Un accueil dédié aux étrangers devrait être ouvert au sein des locaux de la sous-préfecture de Saint-Denis ; à Bobigny, un pré-accueil sera censé fluidifier les files d’attente. Certains dossiers pourront être traités par voie postale, un accueil réservé aux handicapés et femmes enceintes devrait être ouvert, tout comme des sanitaires à l’extérieur.
« Ils sont en train de voir comment s’arranger mais pas avant 2014 », indique pourtant le représentant CFDT, à la suite d’un rendez-vous avec
le secrétaire générale de la préfecture, Arnaud Cochet.
Pourtant, la « réorganisation lourde » n’inclut pas l’augmentation des effectifs, seule façon de diminuer les files d’attente. La mise en application de la RGPP inquiète aussi le syndicaliste qui craint une réduction des effectifs :
« S’il y a une baisse du nombre de fonctionnaires, c’est du suicide, on va droit dans le mur ! »

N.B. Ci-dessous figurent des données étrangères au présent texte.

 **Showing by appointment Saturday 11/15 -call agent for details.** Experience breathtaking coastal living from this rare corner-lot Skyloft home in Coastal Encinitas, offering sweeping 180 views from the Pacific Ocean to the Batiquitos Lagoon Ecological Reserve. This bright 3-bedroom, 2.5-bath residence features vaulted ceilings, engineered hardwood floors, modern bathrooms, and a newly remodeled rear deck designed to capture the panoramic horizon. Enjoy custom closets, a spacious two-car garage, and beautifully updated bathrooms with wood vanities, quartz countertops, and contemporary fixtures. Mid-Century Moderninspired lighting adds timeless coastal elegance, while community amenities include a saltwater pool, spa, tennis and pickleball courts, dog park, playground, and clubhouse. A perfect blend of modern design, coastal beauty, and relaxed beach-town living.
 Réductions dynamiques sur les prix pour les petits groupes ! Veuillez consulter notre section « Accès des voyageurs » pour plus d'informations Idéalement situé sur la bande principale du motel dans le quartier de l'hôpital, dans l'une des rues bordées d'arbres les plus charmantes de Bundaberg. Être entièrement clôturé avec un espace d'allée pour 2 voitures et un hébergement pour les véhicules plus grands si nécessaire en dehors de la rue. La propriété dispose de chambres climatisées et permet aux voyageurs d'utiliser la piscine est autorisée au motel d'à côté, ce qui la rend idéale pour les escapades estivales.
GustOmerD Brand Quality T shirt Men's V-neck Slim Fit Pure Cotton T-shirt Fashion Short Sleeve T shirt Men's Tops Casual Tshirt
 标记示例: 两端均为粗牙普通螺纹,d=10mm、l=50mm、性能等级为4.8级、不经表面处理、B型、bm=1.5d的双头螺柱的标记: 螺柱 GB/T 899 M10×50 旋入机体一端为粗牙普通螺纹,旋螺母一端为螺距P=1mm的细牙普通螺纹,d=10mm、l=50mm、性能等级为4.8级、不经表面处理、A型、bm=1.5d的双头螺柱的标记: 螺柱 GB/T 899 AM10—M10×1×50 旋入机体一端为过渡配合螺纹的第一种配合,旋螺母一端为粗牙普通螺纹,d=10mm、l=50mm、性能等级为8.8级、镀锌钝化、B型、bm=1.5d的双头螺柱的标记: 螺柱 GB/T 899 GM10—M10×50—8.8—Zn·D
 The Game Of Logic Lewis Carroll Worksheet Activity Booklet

Deux rendez-vous à Bobigny, un seul dans les autres préfectures

L’ouvrage de 42 pages intitulé « Etrangers : conditions d’accueil et de traitement des dossiers à la préfecture de Bobigny : l’indignité ! » dresse un état des lieux accablant. Non seulement les conditions d’accueil et surtout d’attente sont inhumaines mais, de plus, les délais de réponses et de traitement des dossiers « atteignent près d’un an ».
La cause principale : les pratiques préfectorales propres à Bobigny, plutôt que l’augmentation du nombre de demandeurs. Stéphane Maugendre, le président du Gisti (Groupe d’information et de soutien des immigrés), explique :
« Pour renouveler un titre de séjour, normalement, un rendez-vous suffit. Mais ici, ce sont deux qui sont nécessaires. Alors que dans certaines préfectures, la demande de renouvellement se fait par courrier ou par mail ».

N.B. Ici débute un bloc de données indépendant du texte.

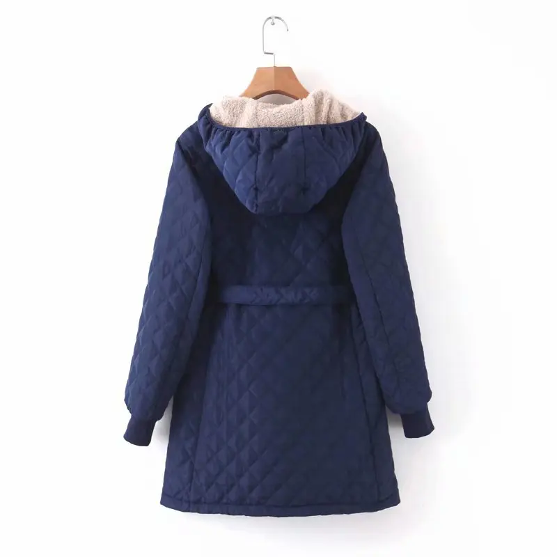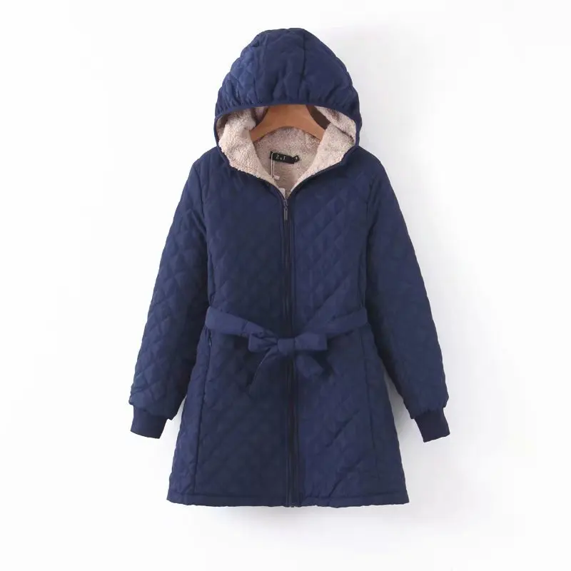 Женское зимнее пальто, новинка 2022, хлопковые парки с капюшоном, на шнуровке, клетчатая Вельветовая длинная куртка с отворотами, теплое Женское пальто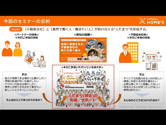 同セミナーの目的は「不動産会社と業界で働く人・働きたい人」が助け合える“人だまり(同志)”を形成すること。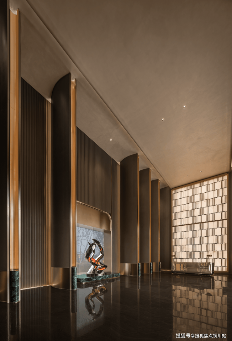融合“高端艺术画廊”理念,以艺术之美勾勒形态,以奢华之韵赋予灵魂,深入城市文化底蕴,精心打造小区大门,将空间尺度与奢华气息完美演绎。45米以上的宏伟艺术门庭,引领尊贵归家仪式,弧形铝板线条在光影交织中璀璨夺目。极致雅奢,彰显现代审美风采;光彩流转,散发着高贵气息;超然物外,尽显格物艺术魅力;无限想象,匠心独运,演绎极致奢华。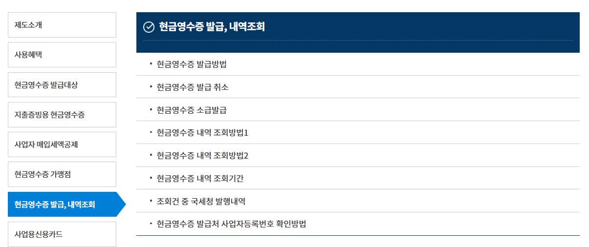 2. 현금영수증 메뉴 진입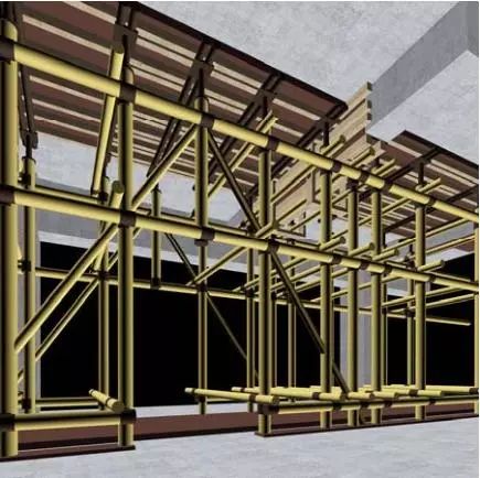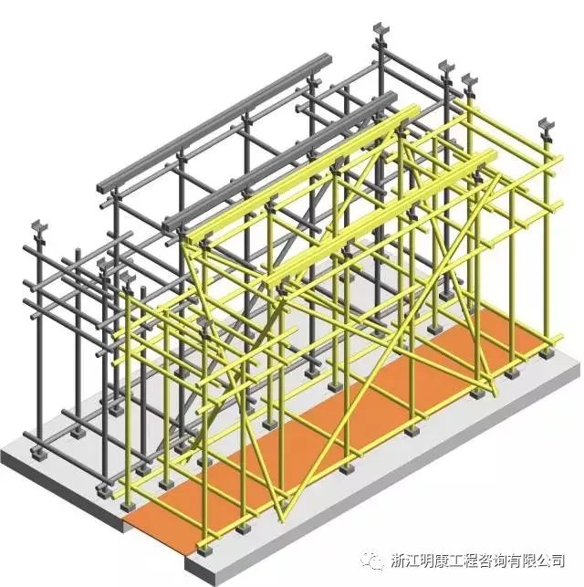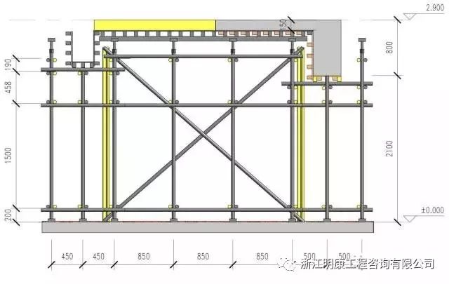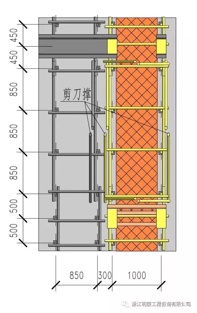 這個圖片看得比較清楚,水平桿是分開的,而且是錯開設置的。后澆帶設置獨立的剪刀撐,梁板模板剪刀撐單獨設置,拆模時,將灰色支撐拆掉,保留黃色支撐就可以了!

La conséquence, c’est « deux fois plus de monde et pas assez de personnel » explique-t-il :
« Plusieurs centaines de cartes de séjour sont là, à la préfecture, mais il n’y a pas de fonctionnaires pour les distribuer. J’ai reçu des clients à qui on a attribué un titre de séjour expirant deux mois après. »


Salihan Maria et d’autres femmes dans la file devant la préfecture (Camille Garcia/Rue89)
Le livre noir propose une série de solutions concrètes, comme le traitement par e-mail, des informations sur les formalités à suivre en plusieurs langues, mais préconise, pour l’instant, de toujours venir accompagné d’un francophone si on ne maîtrise pas la langue.
Stéphane Maugendre :
« Depuis la loi de 2006 de Brice Hortefeux, les employeurs doivent faire parvenir à la préfecture une copie de titre de séjour de leurs employés. Et eux peuvent le faire par e-mail ou par fax, on ne leur demande pas de se déplacer.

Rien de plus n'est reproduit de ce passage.